El conflicto entre Israel y Palestina ha sido una constante en la región durante décadas, y parece no tener un final a la vista. Sin embargo, en los últimos meses, la situación ha alcanzado niveles alarmantes debido a la acritud que el Gobierno de Israel está ejerciendo en Gaza.
Desde el mes de mayo, cuando comenzaron las manifestaciones en contra del traslado de la embajada de Estados Unidos a Jerusalén, las fuerzas israelíes han respondido de manera desproporcionada, utilizando fuerza letal contra los manifestantes palestinos. Según la Organización de las Naciones Unidas, hasta la fecha se han contabilizado más de 200 muertos y miles de heridos, entre ellos mujeres y niños.

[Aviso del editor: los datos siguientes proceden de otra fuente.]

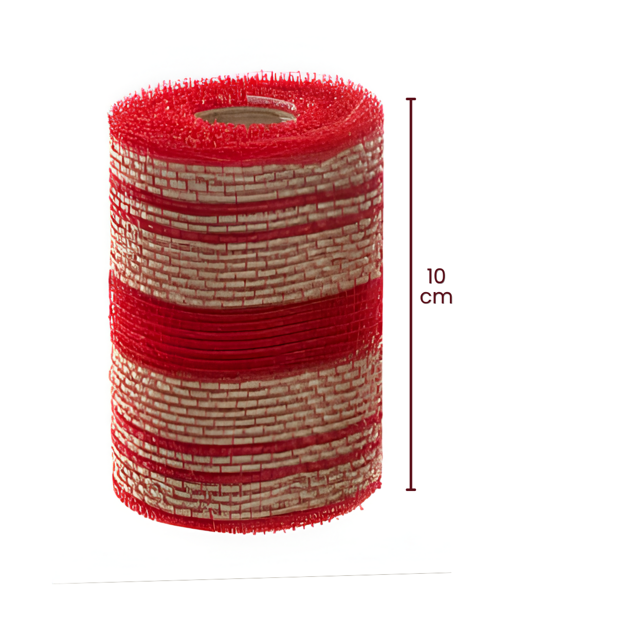 Dica de Decoração: Combine a fita tela bege e vermelha com elementos naturais, como pinhas, ramos verdes e fitas de juta, para um visual rústico e elegante. Também pode ser usada sobre galhos ou vasos para criar composições criativas e personalizadas.

Pero esta no es la primera vez que el Gobierno de Israel lleva a cabo una campaña de acritud en Gaza. Desde 2007, cuando el grupo Hamas tomó el control del territorio, Israel ha bloqueado el acceso a Gaza, impidiendo la entrada de alimentos, medicinas, combustible y otros bienes esenciales. Esto ha generado una crisis humanitaria sin precedentes, con la población de Gaza viviendo en condiciones precarias y sin acceso a servicios básicos como agua potable y electricidad.

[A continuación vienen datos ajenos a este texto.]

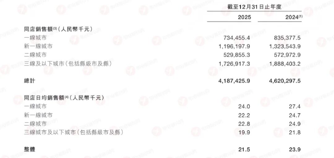 但同店日均销售额却出现明显下滑
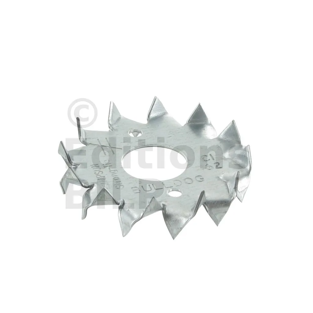 Les crampons Bulldog double denture entrent dans la réalisation d‘assemblages boulonnés. Ils permettent d‘augmenter la capacité de reprise de charge des assemblages.

Sin embargo, en los últimos meses, el Gobierno de Israel ha intensificado sus ataques contra Gaza, justificándolos como una respuesta a los cohetes lanzados desde el territorio palestino hacia su territorio. Aunque estos ataques han causado daños materiales y algunas víctimas civiles en Israel, la respuesta del Gobierno de Israel ha sido desproporcionada y ha dejado un saldo mucho más alto de víctimas en la población palestina.
La comunidad internacional ha condenado enérgicamente los ataques israelíes en Gaza. Incluso los aliados más cercanos de Israel, como Estados Unidos, han mostrado su preocupación y han pedido un alto al fuego. Sin embargo, el Gobierno de Israel se ha negado a detener su campaña de acritud, haciendo caso omiso a las peticiones de la comunidad internacional.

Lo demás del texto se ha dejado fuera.